What is needed:
Beneath this line sits some data. Return only its lines from the one holding "Schadhafte und mit" through the one holding "الحمد لله يزور الحرم القدسي الشريف", inclusive, exactly, with the images removed.

The data:
· · · ·

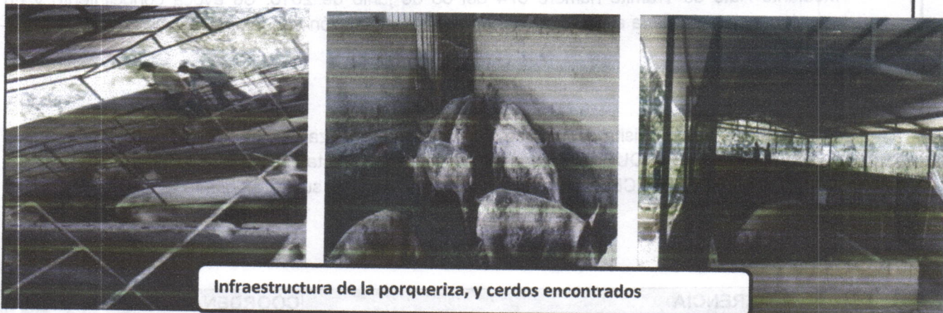
Infraestructura de la porqueriza, y cerdos encontrados
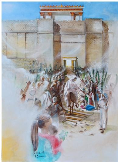
Hosanna ! (Jean 12, 12-15)
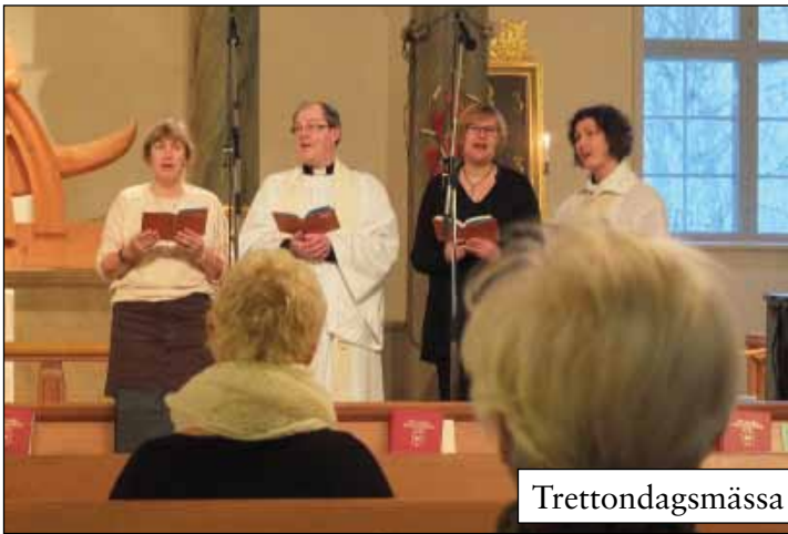
Trettondagsmessa med grötlunch 6 januari
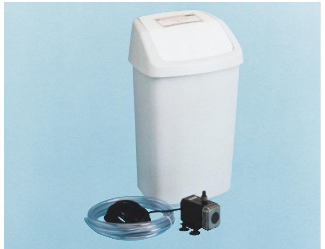
Устройство промывки GENO- UV-установок

Устройство промывки установок ультрафиолетового обеззараживания GENO-UV
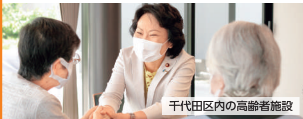
千代田区内の高齢者施設
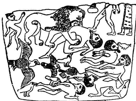
Fig. 1. — O rei-leão devora seus inimigos (Apud Moret, Le Nil ... , pág. 133).
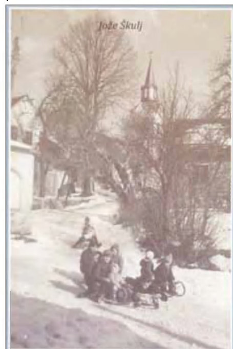
Vaško sankanje na klancu 1967. leta
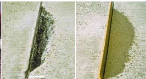
Schadhafte und mit cds®-Mörtel sanierte Fugenkante
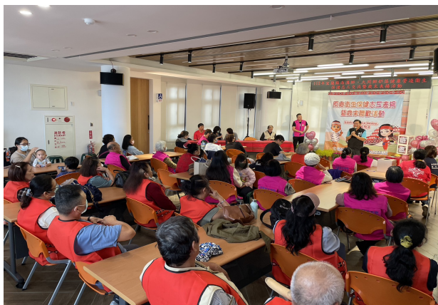
志工表揚暨歲末聯歡活動~游議員感謝致詞
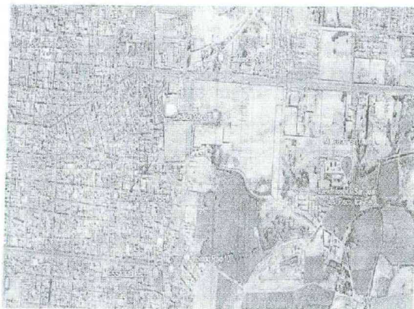
HOSPITAL SAN JUAN DE DIOS DE PISCO – ICA - PERU

"Año del Bicentenario, de la consolidación de nuestra independencia, y de la conmemoración de las heroicas batallas de Junín y Ayacucho"
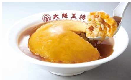
ふわとろ天津炒飯
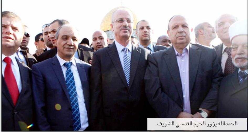
الحمد لله يزور الحرم القدسي الشريف

والاستماع الحمد لله من المسؤولين في الأوقات الإسلامية التابعة لوزارة الأوقاف الأردنية، عن تطورات الأوضاع في المسجد الأقصى.

· · · ·

Task solution:
Schadhafte und mit cds®-Mörtel sanierte Fugenkante
志工表揚暨歲末聯歡活動~游議員感謝致詞
HOSPITAL SAN JUAN DE DIOS DE PISCO – ICA - PERU

"Año del Bicentenario, de la consolidación de nuestra independencia, y de la conmemoración de las heroicas batallas de Junín y Ayacucho"
ふわとろ天津炒飯
الحمد لله يزور الحرم القدسي الشريف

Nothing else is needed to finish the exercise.